4.2.4

Welche Geschichte hat die Karikatur?
Bereits im Altertum und im Mittelalter lassen sich karikierende Darstellungen bezogen auf Personen, Personentypen und –gruppen nachweisen. Doch erst mit Erfindung des Buchdrucks wird über die Medien der Flugschrift und der Flugblätter die Karikatur massenwirksam. Vor allem Spottbilder, die unzweideutig Stellung in den heftigen ideologischen Auseinandersetzungen um den wahren Glauben beziehen, haben die Meinung und Einstellung mancher Zeitgenossen beeinflusst.
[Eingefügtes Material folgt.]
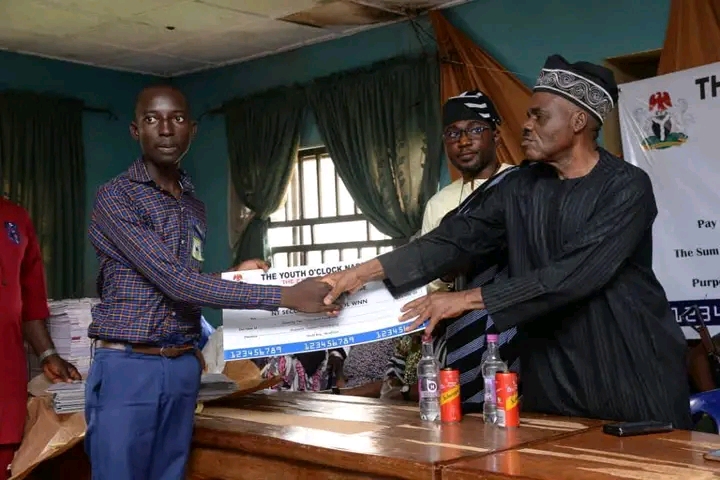 The occasion, attended by parents, students, traditional rulers, and local dignitaries, featured the presentation of full scholarships to third, second, and first-position winners in the 100-metre race, sack race, bottle race, debate, and quiz competitions held during the 2025 Children’s Day Celebration. Additionally, the Head Boy and Head Girl of both secondary and primary schools that participated in the event received cheques covering three terms of school fees for the 2025/2026 academic session. Six students from higher institutions also benefited, with cheques covering tuition and accommodation.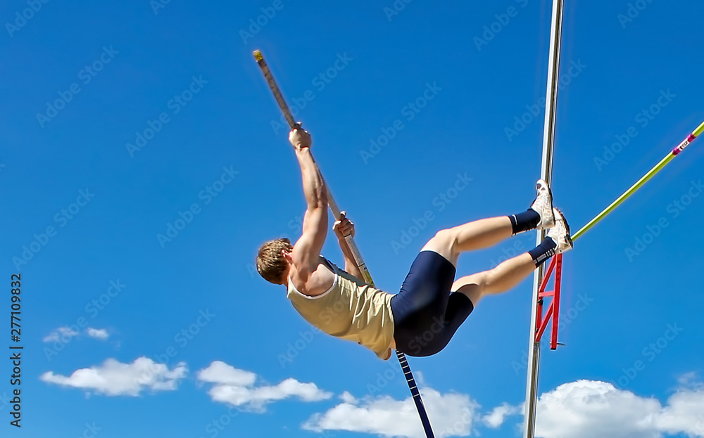 College pole vaulter at a track meet

Die bereits erwähnte Verschmelzung von Spott- und Zerrbildern erfolgt dann besonders in England im 18. Jahrhunderts. Mit der Karikatur wird hier Sozial- und Gesellschaftskritik zukunftsweisend betrieben. In Frankreich ist es die Französische Revolution, in der die Karikatur große Breitenwirkung in den vielfältigen Auseinandersetzungen erzielt. Denn diese tendenziösen visuellen Urteile erreichen die analphabetischen Massen eher als das geschriebene Wort. In Deutschland ist es die vorrevolutionäre Gärung und die Revolution von 1848/49 selbst, die als Motoren einer stärkeren Verbreitung der Karikatur sorgen. Zeitschriften wie die “Freikugel” (1842), dieFliegenden Blätter” (1844), “Kladderatdatsch” (1848) stellen die Karikatur in den Mittelpunkt ihrer politischen Agitation. Letztgenannte Zeitschrift sowie der “Simplizissimus” (1896) beeinflussen ebenfalls im Kaiserreich die Meinungsbildung, unterstützt von den zahlreichen Karikaturen in der Tagespresse. Diese Entwicklung setzt sich kontinuierlich fort: im Ersten Weltkrieg ist es der militärische Feind, der mit schärfsten Federstrichen besiegt werden soll. Auch sollen die Karikaturen helfen, den Durchhaltewillen der Bevölkerung zu stärken.

Gleichgewicht

“Sire, geben Sie sich zufrieden! Ich habe mehr Muskeln und mehr Länge als Sie, dafür haben Sie mehr Embonpoint und mehr Maße als ich!”, Berliner Punch 1866.

In der Weimarer Republik wird die Karikatur in den vielen emotionalisierten politischen Auseinandersetzungen als Propagandainstrument von allen Seiten eingesetzt und die zahlreichen gesellschaftspolitischen Probleme pointiert aufgegriffen. Dann verseuchen während der NS-Diktatur beispielsweise die antisemitischen Karikaturen, die Köpfe vieler Zeitgenossen.

Unter Rückgriff auf diese beschriebenen Traditionslinien setzt sich die Verbreitung und Popularität der Karikatur während der Nachkriegszeit und nach der Entstehung der beiden deutschen Staaten fort. In der Bundesrepublik wird die Karikatur zum beliebten Instrument in den vielfältigen innenpolitischen Auseinandersetzungen. Bei außenpolitischen Themen liegt ein Schwerpunkt in der politisch-ideologischen Auseinandersetzung mit dem Gegner jenseits der Ost-West-Grenze. Deshalb lassen sich auch viele Karikaturen zum Deutschlandproblem findet. In der DDR dient die Karikatur zur Systemstabilisierung, in dem sie als Propagandamittel der Abgrenzung zu Feinden innerhalb und außerhalb des Landes verwendet wird.

Von der gegenwärtigen Beliebtheit dieser Bildgattung zeugen die unzähligen Karikaturen innerhalb der Tages- und Wochenpresse, deren Zeichner alle gesellschaftlich relevanten Themenfelder aufgreifen.